As usual, the Secret Service claimed some security measures are not visible.
“We take a layered approach to security and don’t rely on any one countermeasure to ensure that a site is safe,” spokesman Ed Donovan said.
Yet for all the mumbo jumbo about layered security, the fact is that by failing to properly screen spectators, the Secret Service exposed the new president to possible danger.
28

Grenade
IN HIS OFFICE on the ninth floor of Secret Service headquarters, Nicholas Trotta, who heads the Office of Protective Operations, is talking about lessons learned from previous assassinations and assassination attempts. After the attempt on President Reagan’s life, “We expanded our use of the magnetometers.” Now, he says, “Everyone goes through the magnetometer.”
Often, just seeing a magnetometer in use is a deterrent, Trotta notes. He recalls working an outdoor event in Denver with President George H. W. Bush. A deranged woman with a handgun in her backpack arrived early at the site, thinking she would get close to the president.

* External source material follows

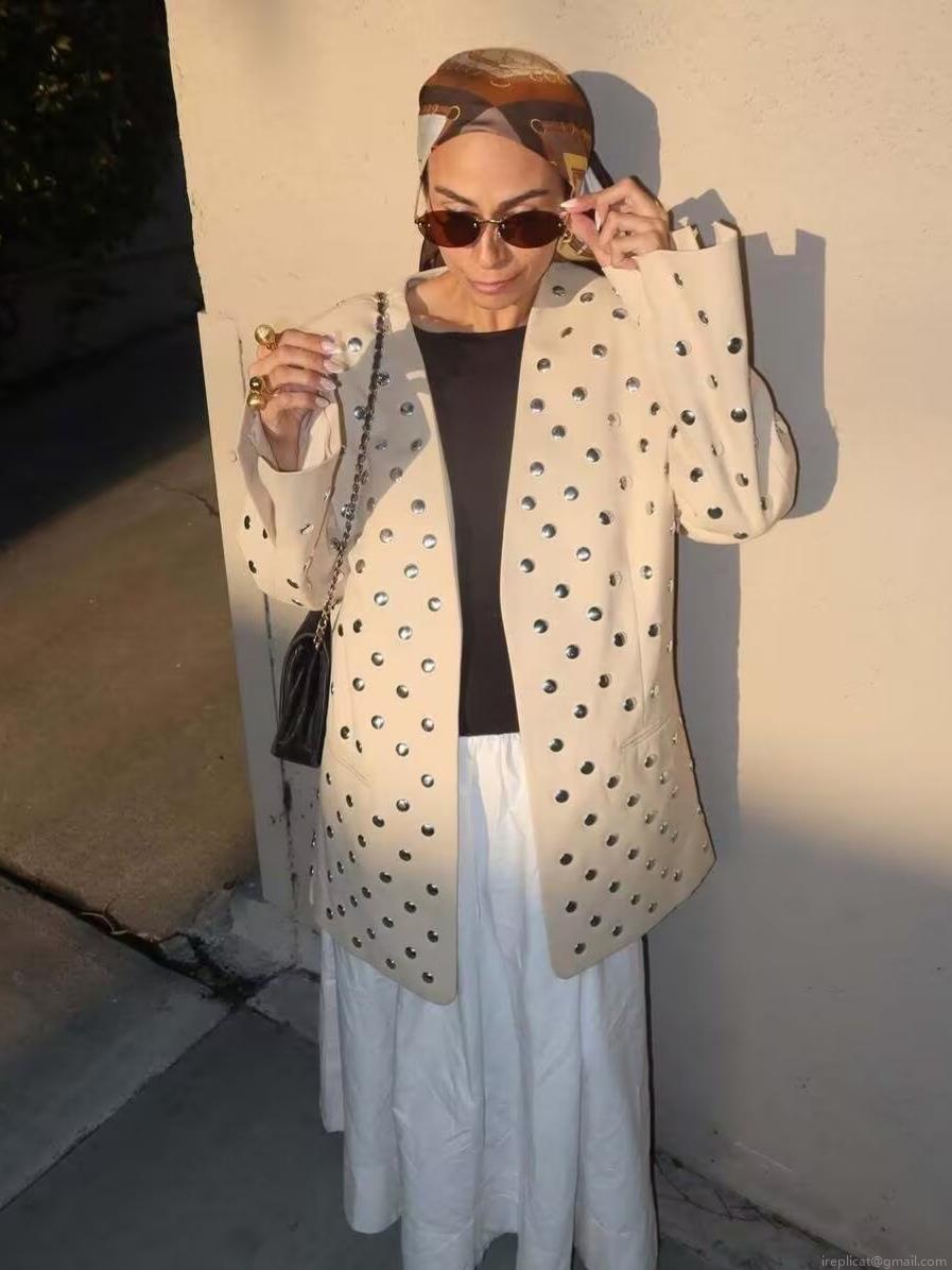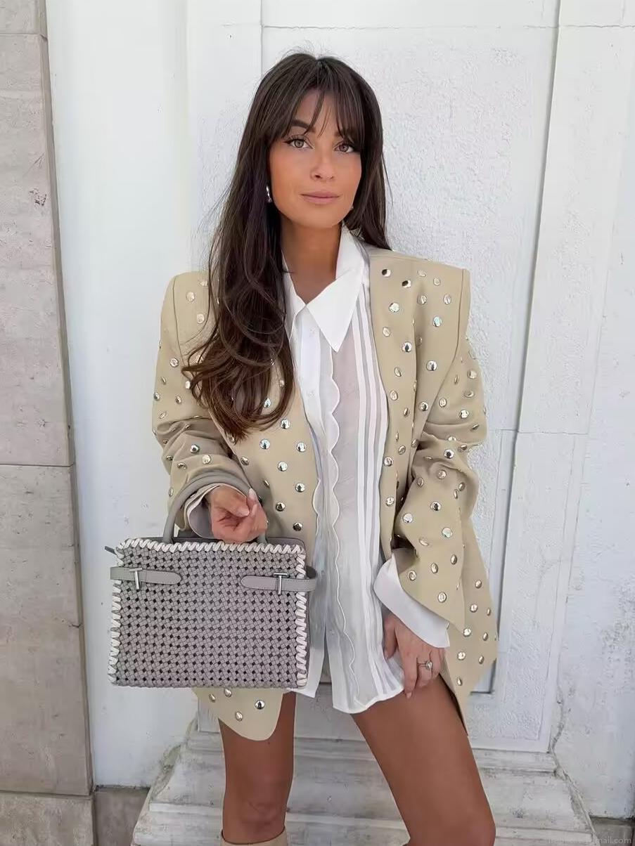 Women's Fashion Rivet Decor Blazer Oversized Long Sleeve Beige Polyester Jacket For Streetwear Daily Party Ladies Outerwear

“She sees one of the limos go into a tent,” Trotta says. Because onlookers were being screened with magnetometers, “She can’t get in. So she waits.” She thought she would then shoot the president as he entered his limousine, but she got distracted by people next to her. As agents were flying back to Washington, they learned that the woman had been committed to a mental hospital. She revealed her aborted plan to family members.
“There’s been so many like that—ones we don’t know about because they were not successful,” Trotta says. “How many [assassins] have been stopped or have seen a police officer, have seen a magnetometer? I don’t know how many times I’ve been briefed where people, as they are getting in line, see the magnetometer, and they turn the other way. That’s a trigger for us. Teams will go and interview, and all of a sudden a person has weapons on them.”